§ **REQUIRED WORK**: With the pictures left out, retype exactly the lines below starting at the line that contains "いよいよ市制100周年イヤー" and ending at the line that contains "イヤーカフ 金属アレルギー ニッケルフリー".

§ **AVAILABLE RECORDS**:

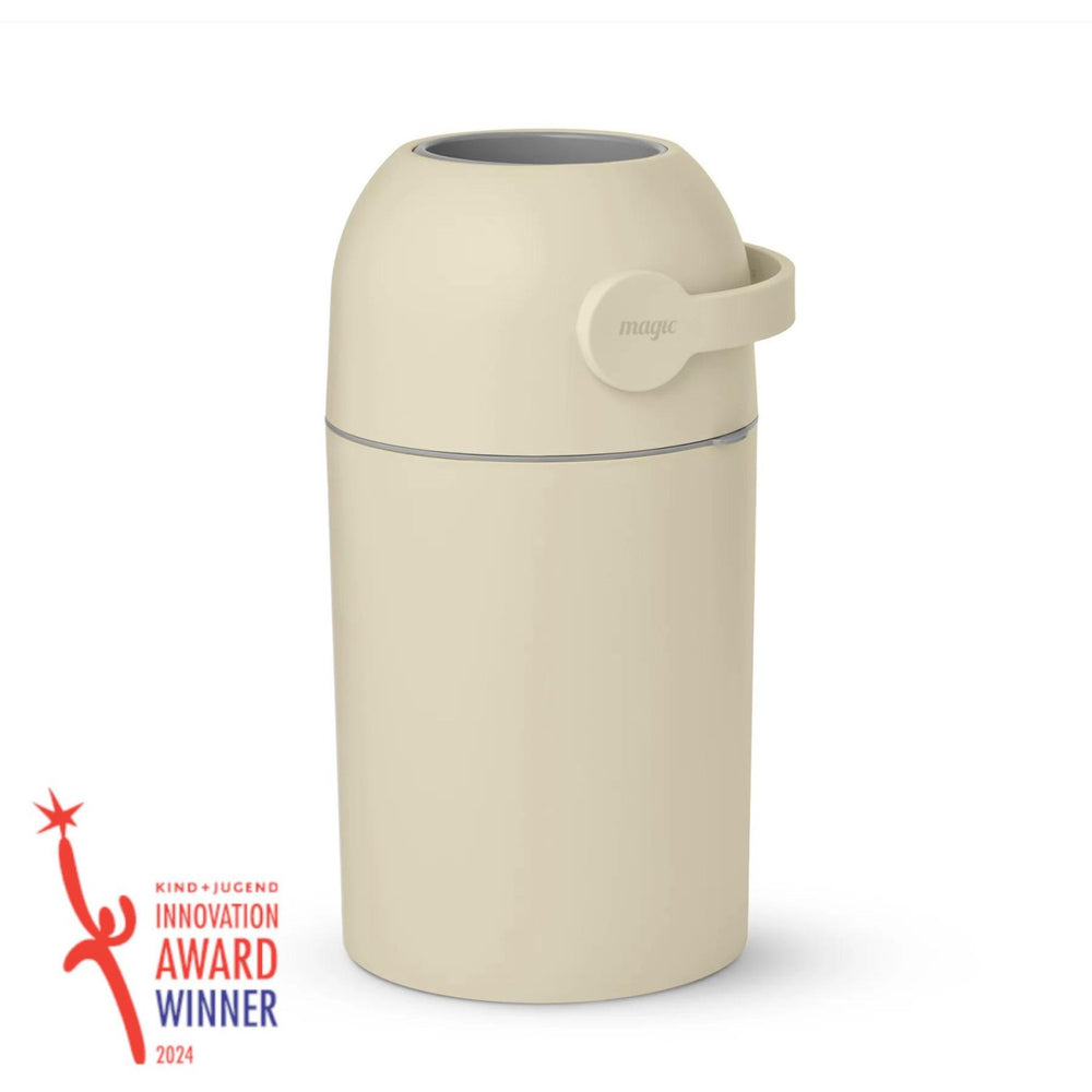 Magic Beige Majestic Blespand er en praktisk løsning til forældre, der vil slippe for lugt og samtidig have en hverdag, der glider lettere. Spanden er konstrueret til at lukke effektivt af, så bleerne ikke sætter præg på luften i børneværelset.
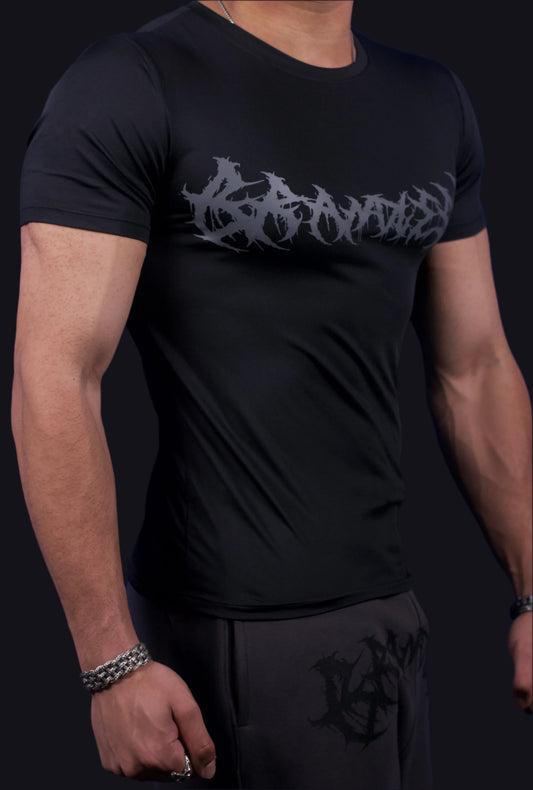 BRANDLESS COMPRESSION TEE - BLACK AND GRAY
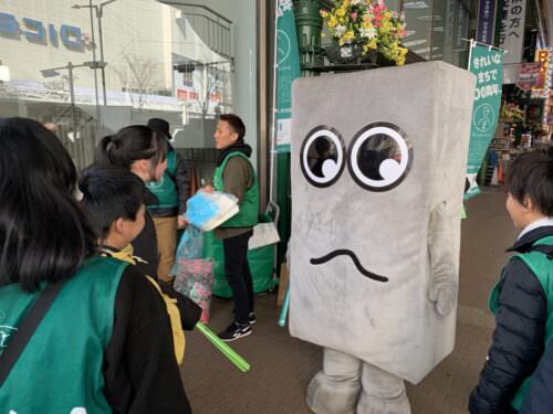 いよいよ市制100周年イヤー。ちょっと寒い日でしたが、いいお天気で、みんなで楽しくごみひろい。今回は90人以上の方に御参加いただきました。ごみは全部で15袋。ちょっと変わった地元キャラ「チョリ山チョリ男」も参加。頑張ってごみ拾いしてくれました!
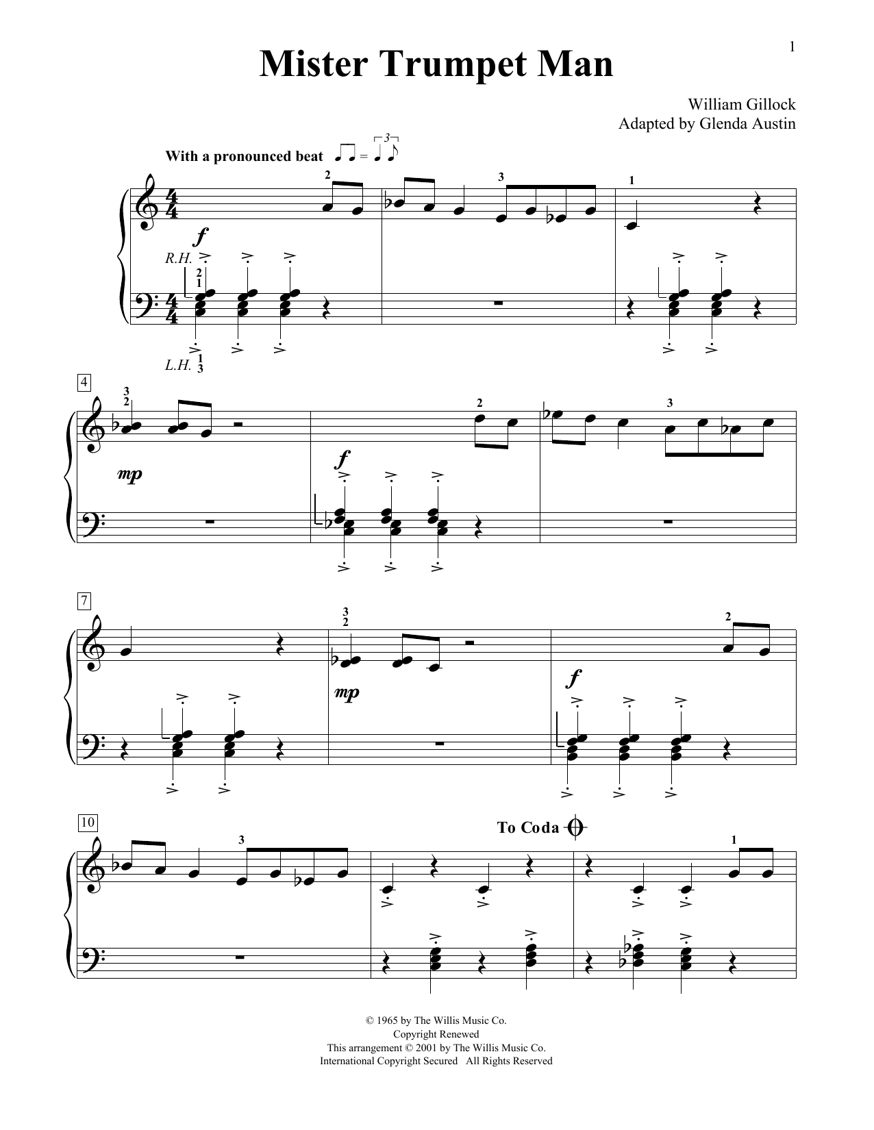 Download or print William Gillock Mister Trumpet Man (Simplified) (adapted by Glenda Austin) sheet music, chords and digital score arranged for Educational Piano. This Jazz score includes 2 page(s).
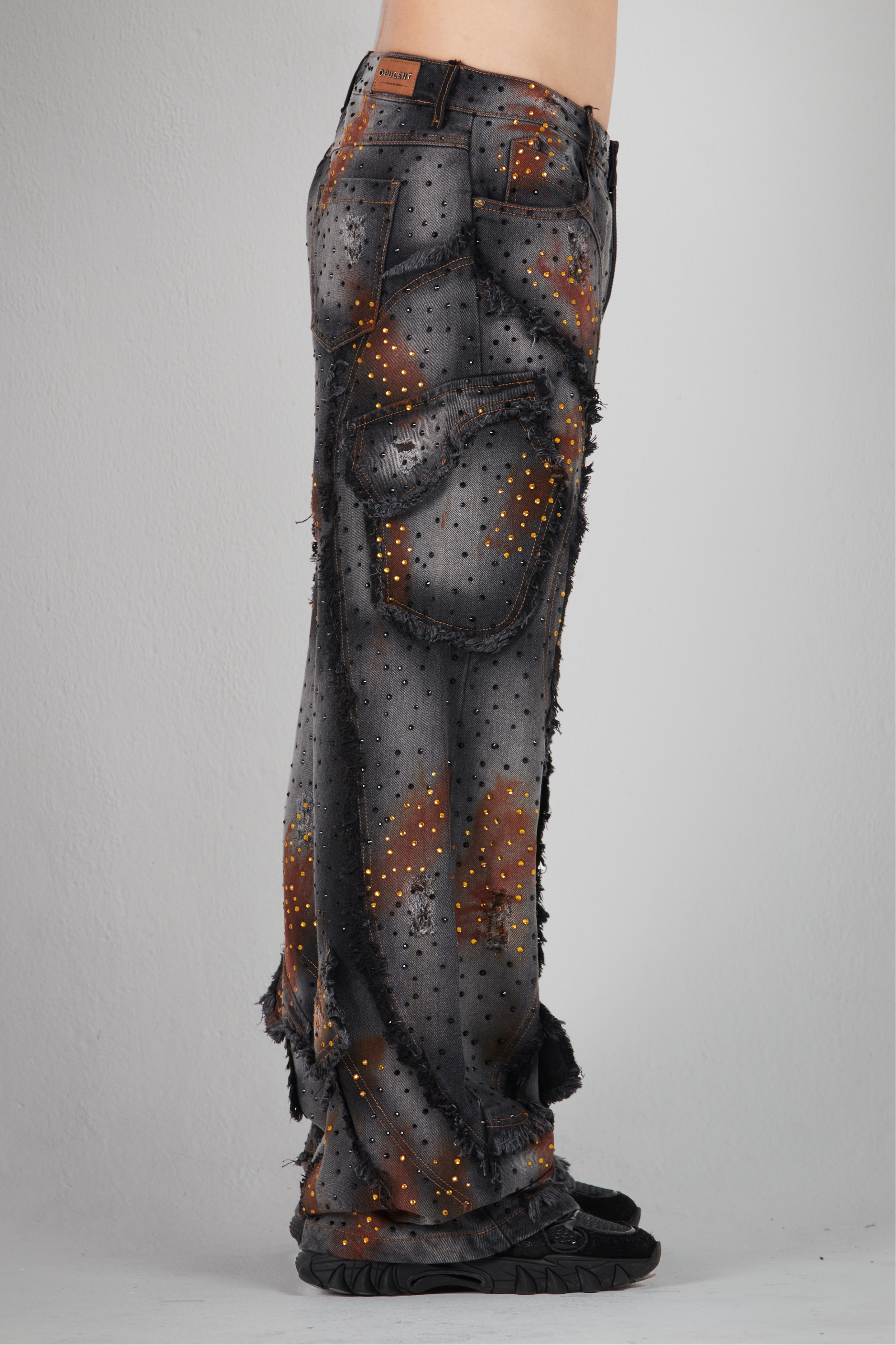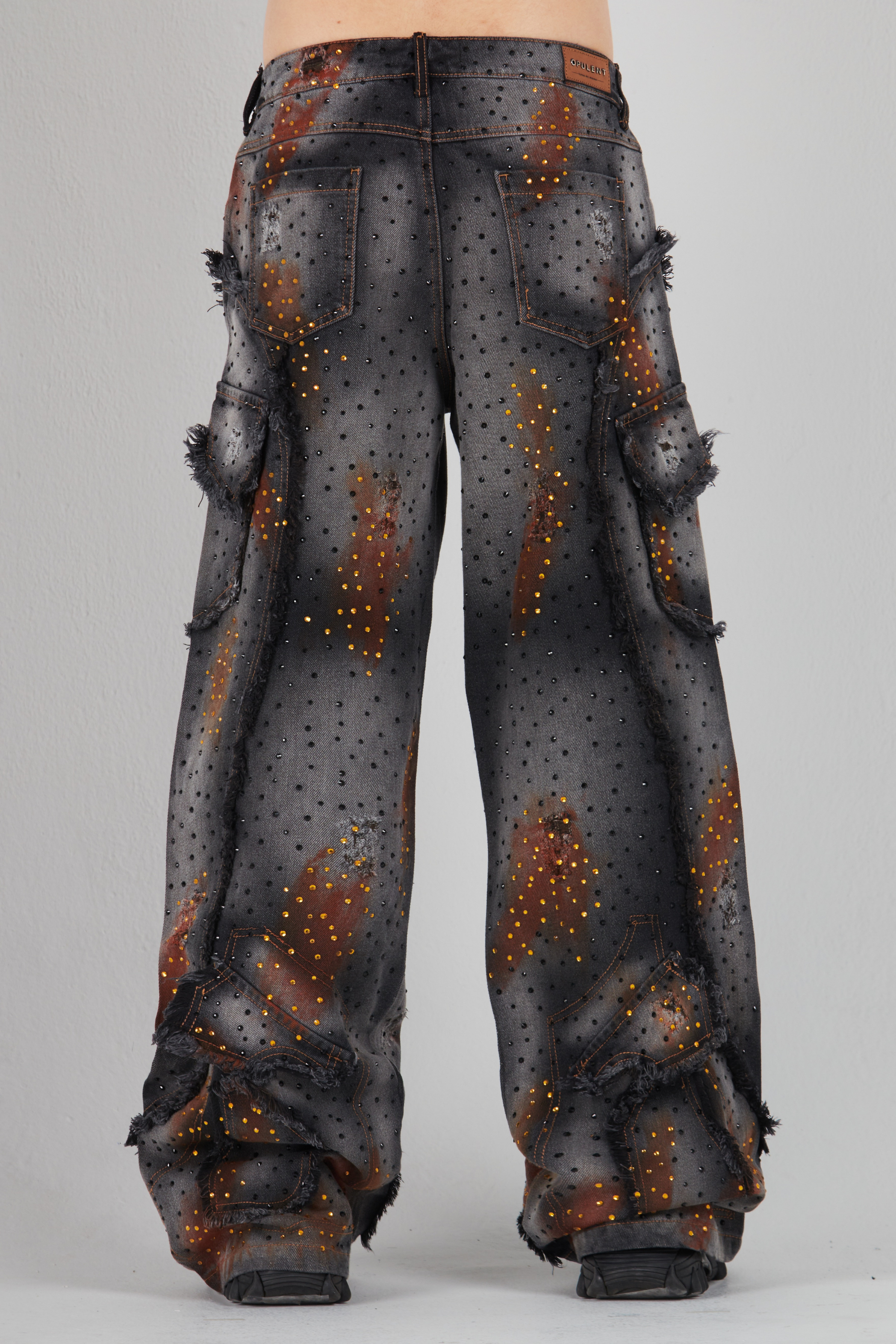 Incrustado con pedrería, este modelo descaderado con una construcción que integra más de 30 cortes asimétricos y verticales. Presenta bolsillos traseros y delanteros funcionales, además de piezas desflecadas y costuras visibles que refuerzan el carácter artesanal de la prenda.
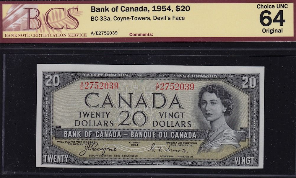1954 Bank of Canada $20 - CH BC-33a Devil's Face. BCS Original Choice UNC64. S/N:A/E2752039.
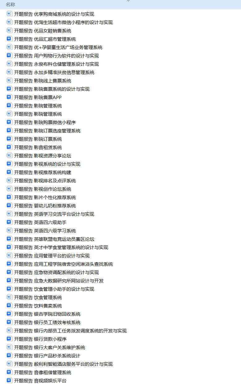 以上是H同学的毕业设计答辩过程,如果你现在还没有参加答辩,还是开题阶段,已经选好了题目不知道怎么写开题报告,可以下面找找有没有自己符合自己题目的开题报告内容,列表中的开题报告都是往届真实的开题报告可参考
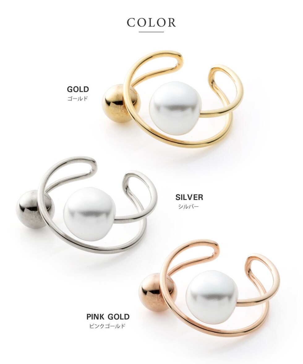 イヤーカフ 金属アレルギー ニッケルフリー レディース イヤーカフ イヤカフ 片耳用 メタルボール スフィア パール cream dot ゆうパケット [ピンクゴールド_フリーサイズ]
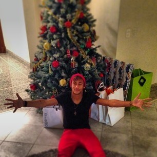 | Năm nay, ngôi sao người Brazil Neymar không được đón Giáng sinh bên cô bạn gái siêu mẫu Bruna Marquezine. Neymar một mình chụp hình bên cây thông Noel. |
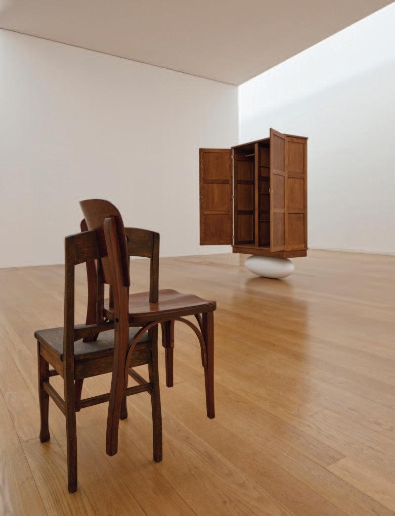 Top left: The Relief, 2023 by Tarik Kiswanson (R. Gabriel 1945) in the Swedish Institute in Paris. In the foreground ‘Foresight’, 2024. A 1945 chair by George Nakashima—an architect interned in detention camps in the Idaho desert during the Second World War intersects with a chair from the same year designed by Adolf Gustav Schneck, a German architect affiliated with the Nazi Party.
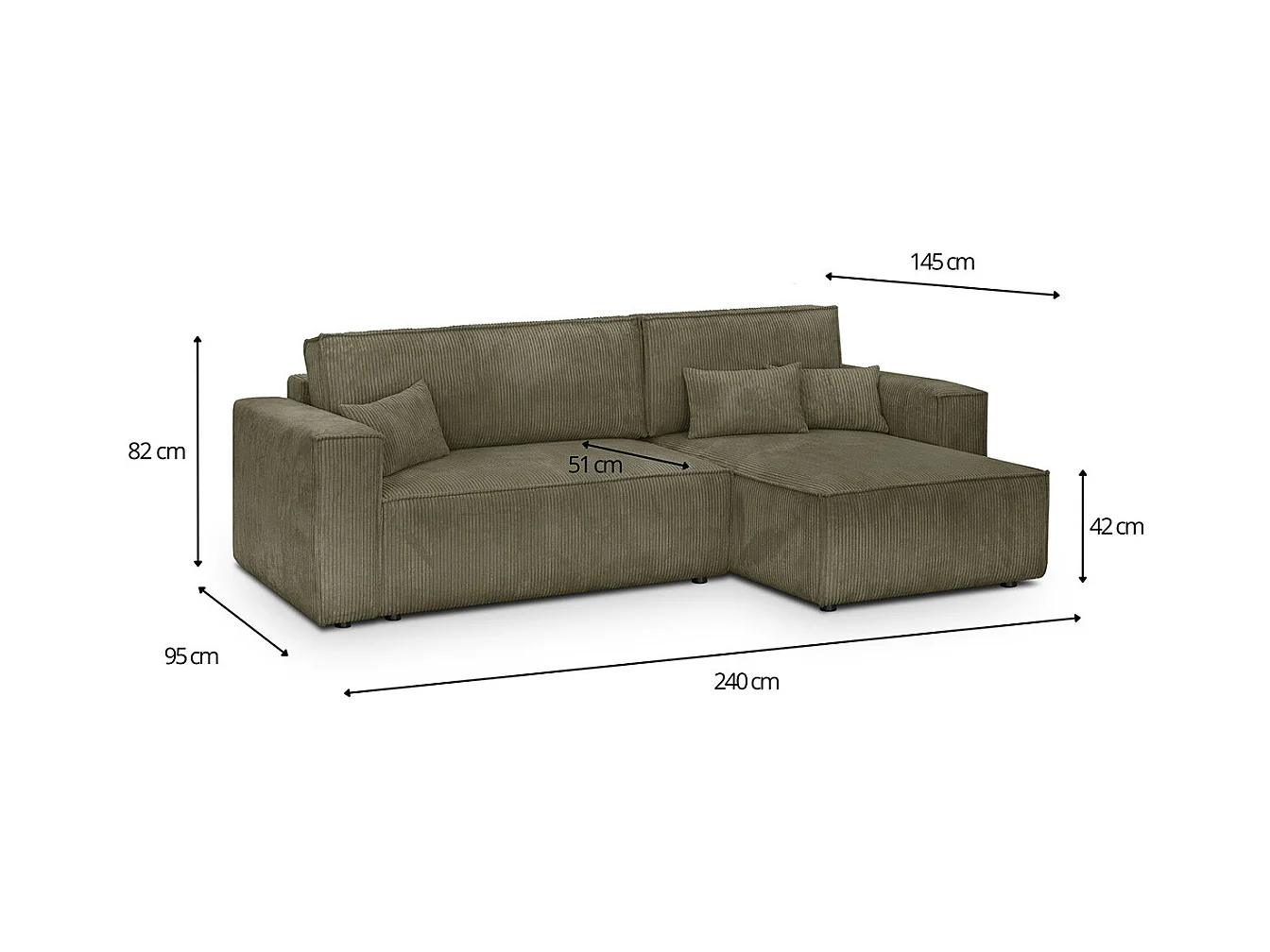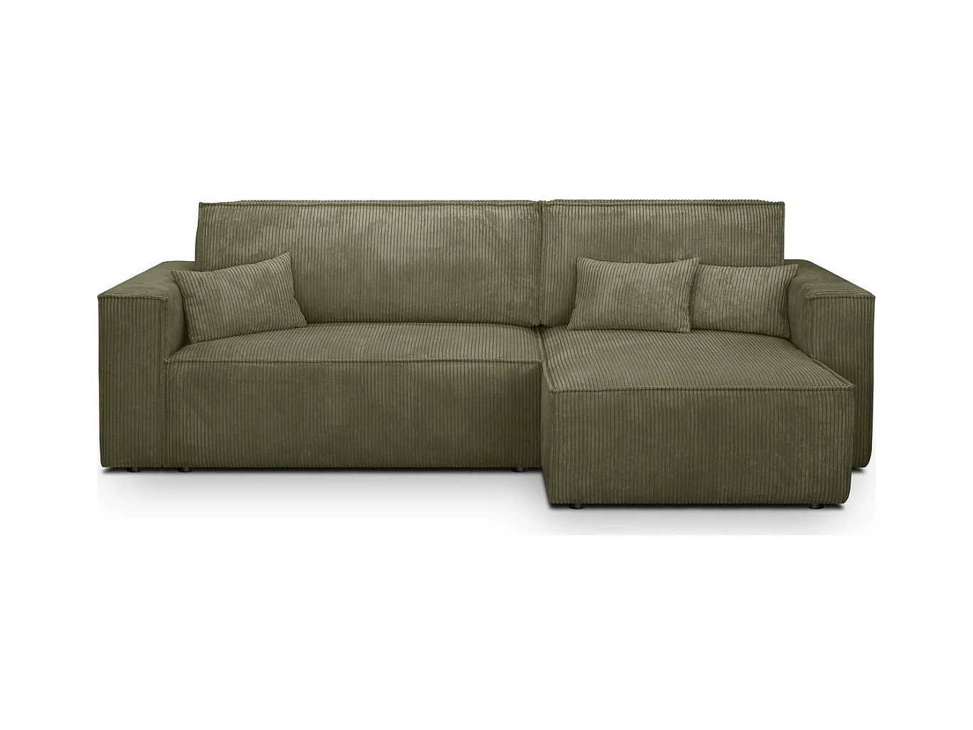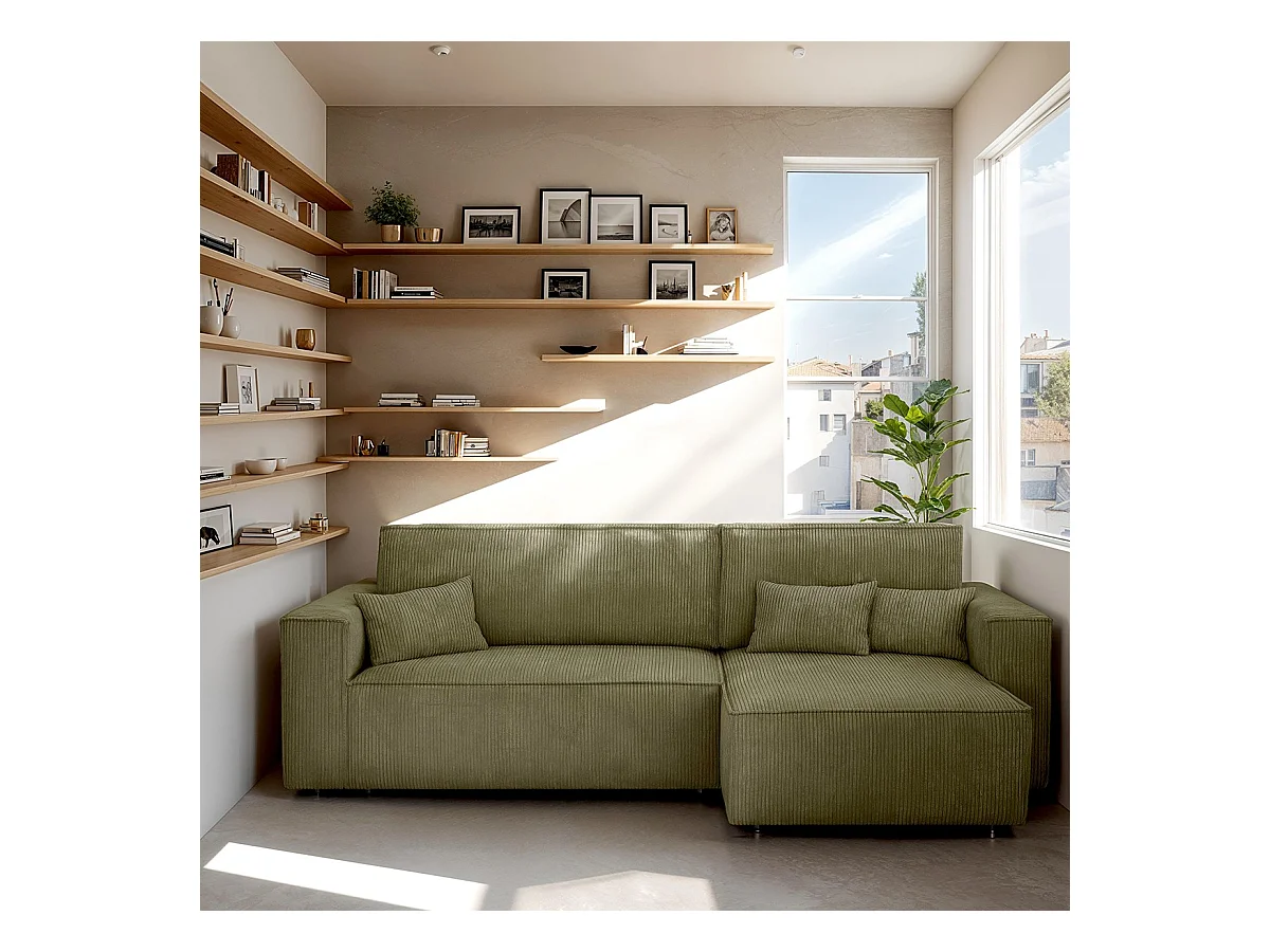 Canapé d'angle convertible réversible 4 places avec coffre de rangement en velours côtelé vert kaki - Livia

§ **SOLVED PROBLEM**:
 いよいよ市制100周年イヤー。ちょっと寒い日でしたが、いいお天気で、みんなで楽しくごみひろい。今回は90人以上の方に御参加いただきました。ごみは全部で15袋。ちょっと変わった地元キャラ「チョリ山チョリ男」も参加。頑張ってごみ拾いしてくれました!
 Download or print William Gillock Mister Trumpet Man (Simplified) (adapted by Glenda Austin) sheet music, chords and digital score arranged for Educational Piano. This Jazz score includes 2 page(s).
 Incrustado con pedrería, este modelo descaderado con una construcción que integra más de 30 cortes asimétricos y verticales. Presenta bolsillos traseros y delanteros funcionales, además de piezas desflecadas y costuras visibles que refuerzan el carácter artesanal de la prenda.
1954 Bank of Canada $20 - CH BC-33a Devil's Face. BCS Original Choice UNC64. S/N:A/E2752039.
 以上是H同学的毕业设计答辩过程,如果你现在还没有参加答辩,还是开题阶段,已经选好了题目不知道怎么写开题报告,可以下面找找有没有自己符合自己题目的开题报告内容,列表中的开题报告都是往届真实的开题报告可参考
 イヤーカフ 金属アレルギー ニッケルフリー レディース イヤーカフ イヤカフ 片耳用 メタルボール スフィア パール cream dot ゆうパケット [ピンクゴールド_フリーサイズ]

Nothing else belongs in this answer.